ABOUT THIS TASK: A word-for-word copy of the data is what's wanted, with no pictures.

Source data:
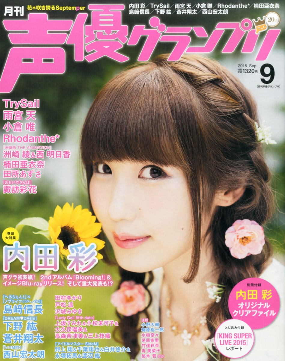 声優グランプリ 2015年 09 月号 グッズログ 2015年07月08日 EDIT アニメイトオンライン900【雑誌】声優グランプリ 2015年9月号Neowing声優グランプリ 2015年9月号Amazon声優グランプリ 2015年9月号楽天ブックス声優グランプリ 2015年9月号【巻頭大特集】内田 彩声グラ初表紙! 2ndアルバム『Blooming!』&イメージBlu-rayリリース! そして重大発表も!?【別冊付録】内田彩オリジナルクリアファイル【とじ込み付録】『KING SUPER LIVE 2015』レポート【グラビア&インタビュー】島崎信長 「へあちぇん! 」×「ノブライフ」下野 紘 「DREAM DATE」蒼井翔太西山宏太朗 「レコMEN! 」…and more http://goodslog.blog.shinobi.jp/Entry/3123/声優グランプリ 2015年 09 月号
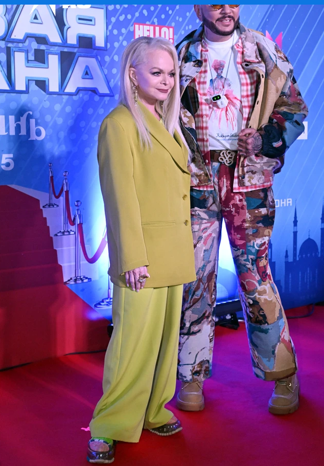 Вот видите? Это Лариса Долина. Женщина, у которой в молодости был очень красивый голос. Может, и сейчас она прекрасно поет, не знаю - я не очень люблю музыку, признаюсь вам откровенно, и целенаправленно практически никого не слушаю. Музыка мешает мне думать! Про индивидуума справа - тоже с красивым голосом - я ничего говорить не буду, у него достаточно говорящий костюм. Лично я глубоко убеждена, что рукава пиджака у человека с таким вкусом должны быть завязаны сзади, и никто никогда не убедит меня в обратном. Впрочем, некоторым нравится. Имеют право! Но как можно написать под этой картинкой, что на ней запечатлена "шикарная Лариса Долина в стильном горчичном костюме", скажите мне? Во-первых, это не костюм, потому что пиджак и брюки не только из разной ткани, но и выполнены в разном стиле. Во-вторых, уважаемая редакция плохо понимает значение слова "стильный"! Вот стильный горчичный костюм: Вот ничего так костюмчик: Вот такое можно предложить любителям оверсайза и ярких цветовых сочетан
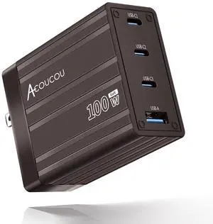 100W USB C Charger, 4-Port GaN Fast Charging Foldable Compact Laptop Charger Power Adapter for MacBook, Ipad, iPhone, Galaxy S24 Ultra, Steam Deck, Google Pixelbook and More
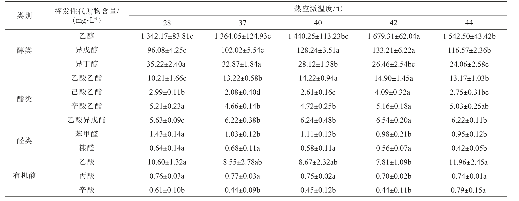 类别 挥发性代谢物含量/(mg·L-1)28 37热应激温度/℃40 42 44醇类酯类醛类有机酸乙醇异戊醇异丁醇乙酸乙酯己酸乙酯辛酸乙酯乙酸异戊酯苯甲醛糠醛乙酸丙酸辛酸1 342.17±83.81c 96.08±4.25c 35.22±2.40a 10.21±1.66c 2.99±0.11b 5.21±0.23a 5.63±0.09c 1.43±0.14a 0.64±0.14a 10.60±1.32a 0.76±0.03a 0.61±0.10b 1 364.05±124.93c 102.02±5.54c 32.87±1.84a 13.22±0.58b 2.08±0.40d 4.66±0.14b 6.22±0.38b 1.03±0.12b 0.68±0.11a 8.55±2.78ab 0.77±0.03a 0.44±0.09b 1 440.25±113.23bc 128.24±3.51a 28.12±1.38b 14.22±0.94a 2.61±0.16c 4.72±0.25b 6.24±0.48b 1.11±0.13b 0.58±0.11a 8.67±2.32ab 0.75±0.02a 0.45±0.12b 1 679.31±62.04a 133.21±6.22a 26.46±2.54bc 14.90±1.45a 4.09±0.32a 5.16±0.18a 6.54±0.20a 0.98±0.21b 0.56±0.07a 7.81±1.09b 0.70±0.02b 0.44±0.11b 1 542.50±43.42b 116.57±2.36b 24.06±2.58c 13.17±1.03b 2.75±0.31bc 5.03±0.25ab 6.22±0.11b 0.95±0.12b 0.42±0.05b 11.96±2.45a 0.74±0.01a 0.79±0.15a
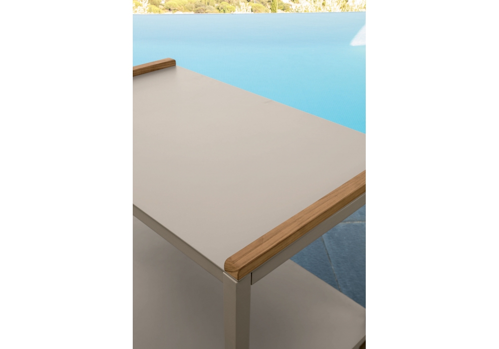 Cart de la collection Accessoires de Talenti est un chariot avec une structure en aluminium peint en blanc ou en graphite. Top avec des inserts en teck.

WORKED SOLUTION:
 声優グランプリ 2015年 09 月号 グッズログ 2015年07月08日 EDIT アニメイトオンライン900【雑誌】声優グランプリ 2015年9月号Neowing声優グランプリ 2015年9月号Amazon声優グランプリ 2015年9月号楽天ブックス声優グランプリ 2015年9月号【巻頭大特集】内田 彩声グラ初表紙! 2ndアルバム『Blooming!』&イメージBlu-rayリリース! そして重大発表も!?【別冊付録】内田彩オリジナルクリアファイル【とじ込み付録】『KING SUPER LIVE 2015』レポート【グラビア&インタビュー】島崎信長 「へあちぇん! 」×「ノブライフ」下野 紘 「DREAM DATE」蒼井翔太西山宏太朗 「レコMEN! 」…and more http://goodslog.blog.shinobi.jp/Entry/3123/声優グランプリ 2015年 09 月号
 Вот видите? Это Лариса Долина. Женщина, у которой в молодости был очень красивый голос. Может, и сейчас она прекрасно поет, не знаю - я не очень люблю музыку, признаюсь вам откровенно, и целенаправленно практически никого не слушаю. Музыка мешает мне думать! Про индивидуума справа - тоже с красивым голосом - я ничего говорить не буду, у него достаточно говорящий костюм. Лично я глубоко убеждена, что рукава пиджака у человека с таким вкусом должны быть завязаны сзади, и никто никогда не убедит меня в обратном. Впрочем, некоторым нравится. Имеют право! Но как можно написать под этой картинкой, что на ней запечатлена "шикарная Лариса Долина в стильном горчичном костюме", скажите мне? Во-первых, это не костюм, потому что пиджак и брюки не только из разной ткани, но и выполнены в разном стиле. Во-вторых, уважаемая редакция плохо понимает значение слова "стильный"! Вот стильный горчичный костюм: Вот ничего так костюмчик: Вот такое можно предложить любителям оверсайза и ярких цветовых сочетан
 100W USB C Charger, 4-Port GaN Fast Charging Foldable Compact Laptop Charger Power Adapter for MacBook, Ipad, iPhone, Galaxy S24 Ultra, Steam Deck, Google Pixelbook and More
 类别 挥发性代谢物含量/(mg·L-1)28 37热应激温度/℃40 42 44醇类酯类醛类有机酸乙醇异戊醇异丁醇乙酸乙酯己酸乙酯辛酸乙酯乙酸异戊酯苯甲醛糠醛乙酸丙酸辛酸1 342.17±83.81c 96.08±4.25c 35.22±2.40a 10.21±1.66c 2.99±0.11b 5.21±0.23a 5.63±0.09c 1.43±0.14a 0.64±0.14a 10.60±1.32a 0.76±0.03a 0.61±0.10b 1 364.05±124.93c 102.02±5.54c 32.87±1.84a 13.22±0.58b 2.08±0.40d 4.66±0.14b 6.22±0.38b 1.03±0.12b 0.68±0.11a 8.55±2.78ab 0.77±0.03a 0.44±0.09b 1 440.25±113.23bc 128.24±3.51a 28.12±1.38b 14.22±0.94a 2.61±0.16c 4.72±0.25b 6.24±0.48b 1.11±0.13b 0.58±0.11a 8.67±2.32ab 0.75±0.02a 0.45±0.12b 1 679.31±62.04a 133.21±6.22a 26.46±2.54bc 14.90±1.45a 4.09±0.32a 5.16±0.18a 6.54±0.20a 0.98±0.21b 0.56±0.07a 7.81±1.09b 0.70±0.02b 0.44±0.11b 1 542.50±43.42b 116.57±2.36b 24.06±2.58c 13.17±1.03b 2.75±0.31bc 5.03±0.25ab 6.22±0.11b 0.95±0.12b 0.42±0.05b 11.96±2.45a 0.74±0.01a 0.79±0.15a
 Cart de la collection Accessoires de Talenti est un chariot avec une structure en aluminium peint en blanc ou en graphite. Top avec des inserts en teck.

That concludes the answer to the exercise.